A new PR was send to agent repository https://github.com/clearcontainers/agent/pull/188 But seems that the crio tests are failing randomly

not ok 11 ctr execsync conflicting with conmon flags parsing
# (in test file crio.bats, line 476)
#   `[ "$status" -eq 0 ]' failed
# 0
# time="2018-01-05 01:23:30.945101006Z" level=debug msg="backingFs=extfs,  projectQuotaSupported=false" 
# time="2018-01-05 01:23:30.945152706Z" level=info msg="[graphdriver] using prior storage driver: overlay" 
# time="2018-01-05 01:23:30.946779979Z" level=info msg="CNI network crionet (type=bridge) is used from /tmp/tmp.PEhMeoU8La/cni/net.d/10-crio.conf" 
# time="2018-01-05 01:23:30.947451969Z" level=info msg="CNI network crionet (type=bridge) is used from /tmp/tmp.PEhMeoU8La/cni/net.d/10-crio.conf" 
# time="2018-01-05 01:23:30.956324627Z" level=debug msg="seccomp status: true" 
# time="2018-01-05 01:23:30.956828219Z" level=debug msg="Golang's threads limit set to 115020" 
# time="2018-01-05 01:23:30.957669905Z" level=debug msg="sandboxes: []" 
sboeuf commented 6 years ago

I have tried to reproduce (many attempts) but both with image 19790 and 20120, I don't have any CRI-O issue. Maybe because I am trying inside a VM running on Azure ?
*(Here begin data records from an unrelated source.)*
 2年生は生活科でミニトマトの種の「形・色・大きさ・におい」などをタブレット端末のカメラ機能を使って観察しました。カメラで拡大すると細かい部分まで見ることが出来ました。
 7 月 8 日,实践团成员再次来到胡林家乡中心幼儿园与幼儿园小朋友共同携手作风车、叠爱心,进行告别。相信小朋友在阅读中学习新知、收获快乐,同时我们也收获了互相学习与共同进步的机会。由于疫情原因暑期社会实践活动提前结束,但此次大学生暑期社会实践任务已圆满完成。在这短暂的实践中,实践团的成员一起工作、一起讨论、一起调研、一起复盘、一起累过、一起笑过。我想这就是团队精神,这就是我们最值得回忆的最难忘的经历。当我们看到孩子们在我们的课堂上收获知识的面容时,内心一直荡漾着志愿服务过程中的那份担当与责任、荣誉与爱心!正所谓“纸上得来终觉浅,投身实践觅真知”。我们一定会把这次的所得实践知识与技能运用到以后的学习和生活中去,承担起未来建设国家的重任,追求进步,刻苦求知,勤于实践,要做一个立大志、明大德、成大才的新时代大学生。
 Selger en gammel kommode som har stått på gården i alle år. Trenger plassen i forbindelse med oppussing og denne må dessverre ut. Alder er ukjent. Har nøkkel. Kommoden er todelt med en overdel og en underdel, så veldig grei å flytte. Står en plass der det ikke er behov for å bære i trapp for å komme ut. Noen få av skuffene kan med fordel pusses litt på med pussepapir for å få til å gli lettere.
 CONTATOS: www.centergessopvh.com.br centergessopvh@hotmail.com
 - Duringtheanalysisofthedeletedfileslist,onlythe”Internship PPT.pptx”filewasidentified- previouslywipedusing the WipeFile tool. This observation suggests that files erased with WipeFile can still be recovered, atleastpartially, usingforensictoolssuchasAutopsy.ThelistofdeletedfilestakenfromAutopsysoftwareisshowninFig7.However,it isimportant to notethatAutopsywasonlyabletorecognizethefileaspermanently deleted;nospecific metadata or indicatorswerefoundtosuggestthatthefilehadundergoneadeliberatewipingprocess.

About the PR clearcontainers/agent#188, it's actually an expected failure since we don't fallback to a minimal set of capabilities in case we don't provide those caps from the runtime. And we don't have the ability to provide them yet. That's why I have asked @amshinde to handle the case where nothing is provided to apply a minimal set of caps, otherwise this PR will break Clear Containers.
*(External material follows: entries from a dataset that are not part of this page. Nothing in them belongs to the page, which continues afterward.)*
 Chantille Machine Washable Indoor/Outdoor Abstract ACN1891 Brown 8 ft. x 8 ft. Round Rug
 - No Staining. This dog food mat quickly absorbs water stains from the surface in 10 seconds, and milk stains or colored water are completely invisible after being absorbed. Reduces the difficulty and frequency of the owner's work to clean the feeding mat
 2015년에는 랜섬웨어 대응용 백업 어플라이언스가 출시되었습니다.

jcvenegas commented 6 years ago

@sboeuf thanks for clarify about clearcontainers/agent#188.

I also tested with image 20110 but not issues. I am testing locally in a cclouvm instance running ubuntu 16.04 but I can not reproduce it, actually the only place the issue is "reproducible" is the that changes the image https://github.com/clearcontainers/runtime/pull/895

sboeuf commented 6 years ago

@jcvenegas could you investigate by enabling devicemapper. It might be a way to reproduce more easily.
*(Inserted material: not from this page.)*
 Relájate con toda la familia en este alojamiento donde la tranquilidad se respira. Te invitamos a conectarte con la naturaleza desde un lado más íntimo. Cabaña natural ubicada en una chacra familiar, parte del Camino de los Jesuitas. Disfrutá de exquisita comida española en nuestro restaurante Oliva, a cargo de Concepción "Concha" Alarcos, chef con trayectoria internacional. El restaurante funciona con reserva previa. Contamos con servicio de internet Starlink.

jcvenegas commented 6 years ago

@sboeuf yes, I will try it

jcvenegas commented 6 years ago

No, locally I can not reproduce it devicemapper

amshinde commented 6 years ago

@jcvenegas Going to take a look at this. Have you been able to reproduce this locally at all?

amshinde commented 6 years ago

I have been trying to reproduce this issue, but havent been able to do so. My intitial investigation:

This test passes a device "/dev/null" to the container, specifying the path inside the container for the device as "/dev/mynull". The test then checks for the exit code of running "ls /dev/mynull" using crioctl ctr execsync and if "/dev/mynull" exists in the output string.

There are 2 issues here. First this test should have never passed in the first place. The "/dev/null" is a character device, something that we dont handle with Clear Containers(only block and vfio devices are handled). This means that that the exit code from crioctl ctr execsync is not correct. I am not sure if crioctl does not propogate the error correctly, since a quick test with docker using the above device passing scenarion gives a non-zero exit code.

If we ignore the above, looks like the test is failing while matching the string "/dev/mynull" in the output. We should always get "/dev/mynull': No such file or directory" in the output, but this not received occassionally going by the logs above. The shim may have received the exit code without receiving the above message on the tty channel. @sboeuf I wonder if your changes for subreaping processes caused any side effects. Will look further.